## Aim of the task
In the listing below, the answer starts at the line that has "Aumenta la energía: proporciona" and stops after the line that has "Korean Kuksi Soup"; please repeat that part exactly and nothing more.

## Dataset extract
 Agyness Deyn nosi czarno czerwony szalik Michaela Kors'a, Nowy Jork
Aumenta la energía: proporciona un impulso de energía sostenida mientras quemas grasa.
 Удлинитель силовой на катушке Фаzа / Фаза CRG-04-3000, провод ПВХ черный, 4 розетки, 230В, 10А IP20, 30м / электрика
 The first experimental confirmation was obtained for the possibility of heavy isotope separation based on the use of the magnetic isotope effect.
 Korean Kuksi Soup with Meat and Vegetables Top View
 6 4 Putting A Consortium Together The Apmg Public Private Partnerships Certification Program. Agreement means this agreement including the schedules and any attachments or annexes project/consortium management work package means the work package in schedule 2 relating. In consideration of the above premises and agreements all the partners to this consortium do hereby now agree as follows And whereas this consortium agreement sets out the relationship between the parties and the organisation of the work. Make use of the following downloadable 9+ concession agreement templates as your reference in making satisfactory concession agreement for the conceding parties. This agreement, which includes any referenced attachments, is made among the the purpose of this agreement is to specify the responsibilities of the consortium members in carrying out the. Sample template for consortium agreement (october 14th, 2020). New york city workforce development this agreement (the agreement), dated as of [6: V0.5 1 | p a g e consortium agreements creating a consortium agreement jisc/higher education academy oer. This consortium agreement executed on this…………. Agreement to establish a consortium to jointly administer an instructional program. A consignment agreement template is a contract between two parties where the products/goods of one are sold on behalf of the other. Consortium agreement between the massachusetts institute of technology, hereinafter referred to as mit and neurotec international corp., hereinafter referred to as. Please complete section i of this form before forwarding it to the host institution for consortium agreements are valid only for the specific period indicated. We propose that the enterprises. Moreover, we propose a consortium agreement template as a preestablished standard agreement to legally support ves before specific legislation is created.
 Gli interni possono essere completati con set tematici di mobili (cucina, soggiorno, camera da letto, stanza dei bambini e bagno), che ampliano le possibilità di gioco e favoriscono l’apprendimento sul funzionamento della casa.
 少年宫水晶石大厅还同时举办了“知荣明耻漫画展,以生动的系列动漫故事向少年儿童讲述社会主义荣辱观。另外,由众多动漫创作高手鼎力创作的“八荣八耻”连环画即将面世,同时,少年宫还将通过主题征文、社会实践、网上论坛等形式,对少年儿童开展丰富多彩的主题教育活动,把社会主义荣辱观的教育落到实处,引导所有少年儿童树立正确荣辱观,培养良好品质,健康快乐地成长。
---
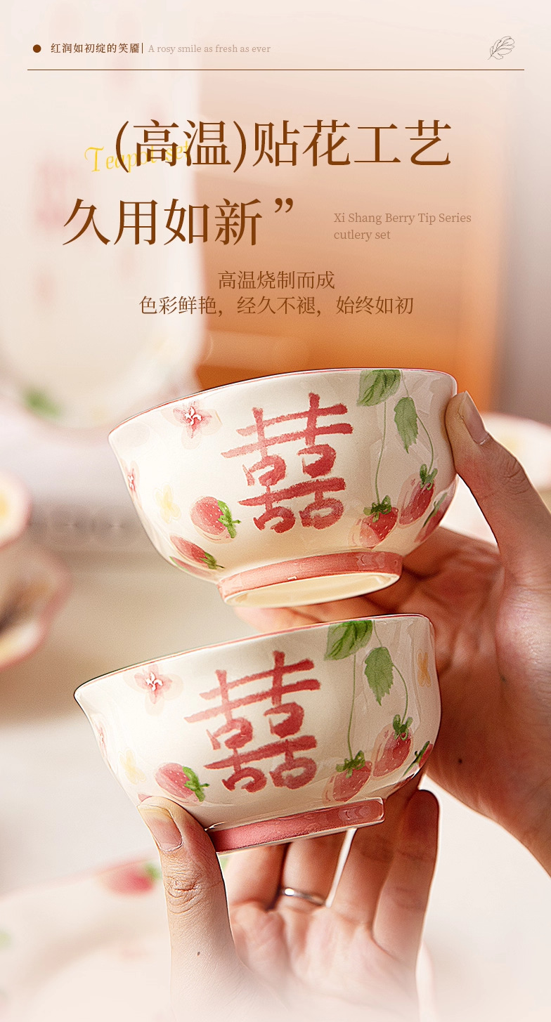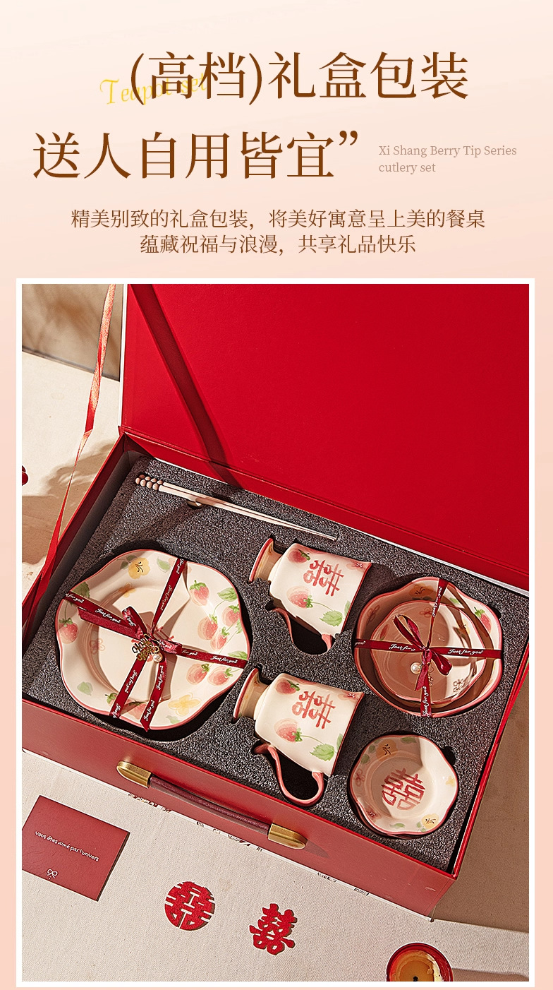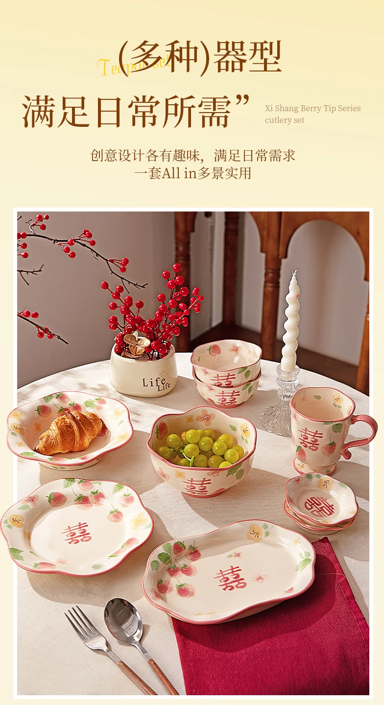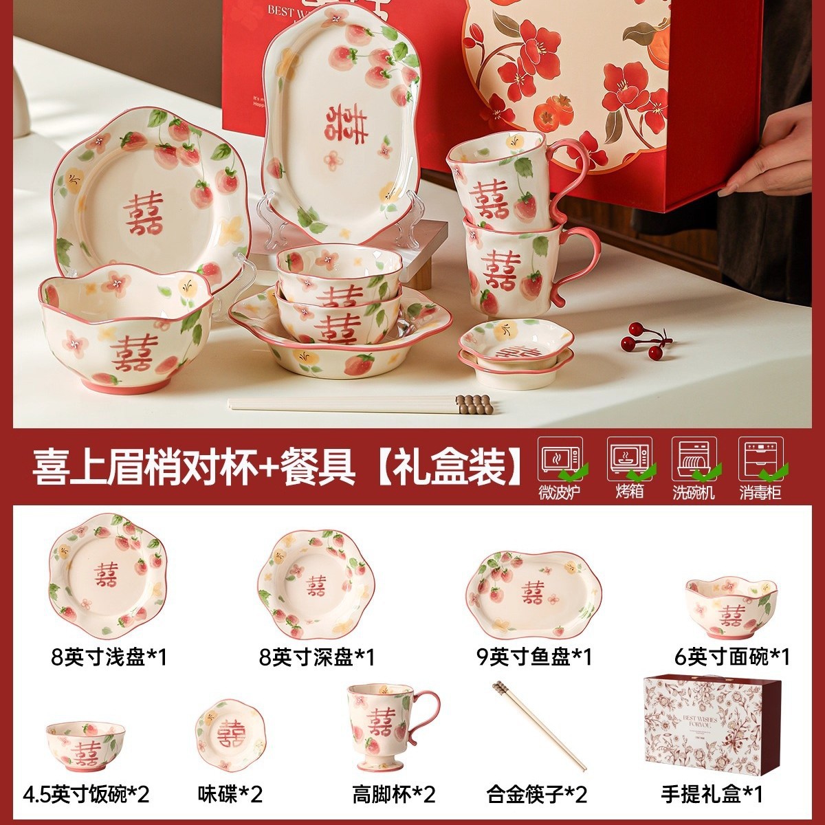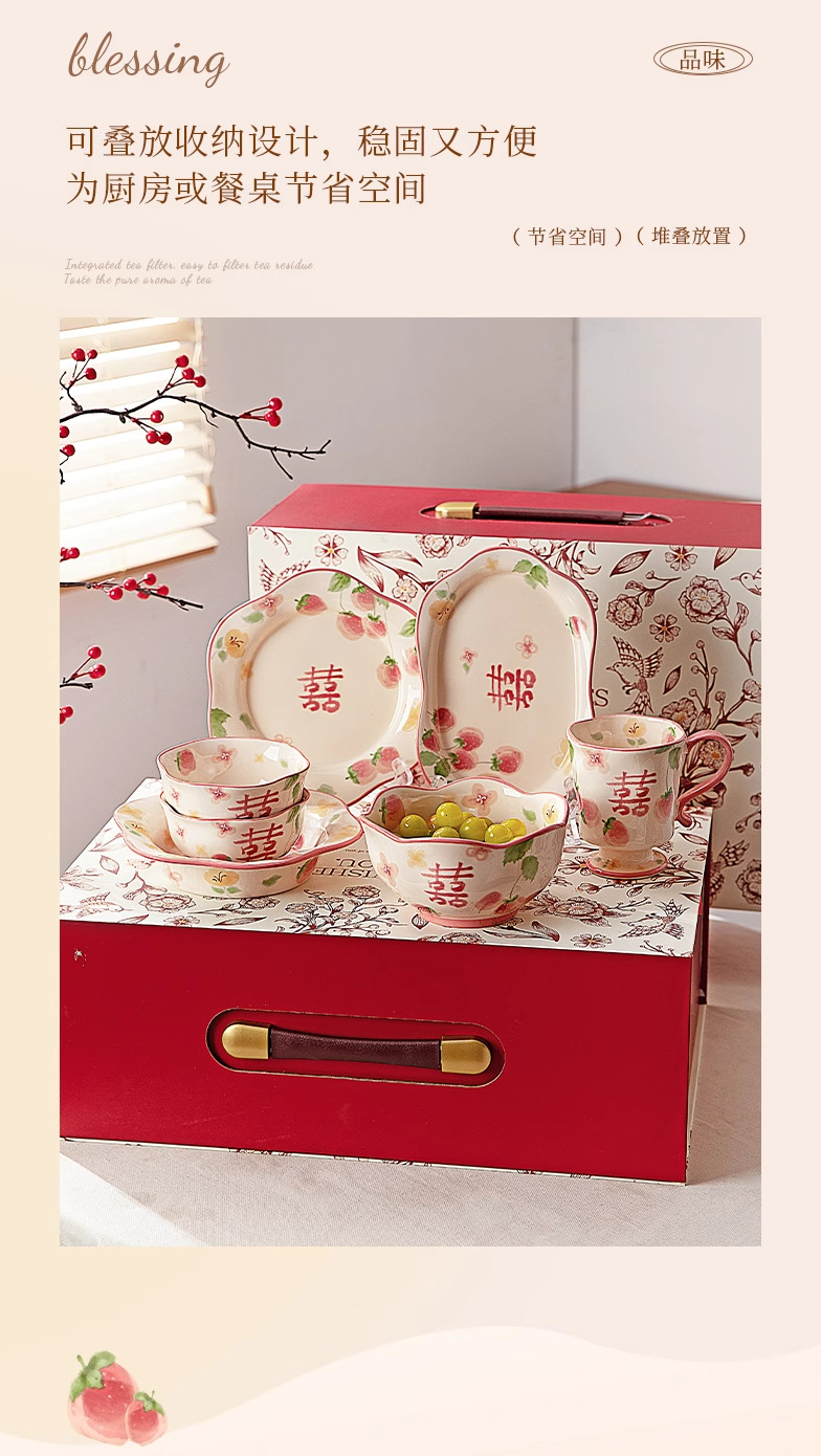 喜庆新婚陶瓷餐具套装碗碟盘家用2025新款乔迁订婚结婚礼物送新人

## Exercise response
Aumenta la energía: proporciona un impulso de energía sostenida mientras quemas grasa.
 Удлинитель силовой на катушке Фаzа / Фаза CRG-04-3000, провод ПВХ черный, 4 розетки, 230В, 10А IP20, 30м / электрика
 The first experimental confirmation was obtained for the possibility of heavy isotope separation based on the use of the magnetic isotope effect.
 Korean Kuksi Soup with Meat and Vegetables Top View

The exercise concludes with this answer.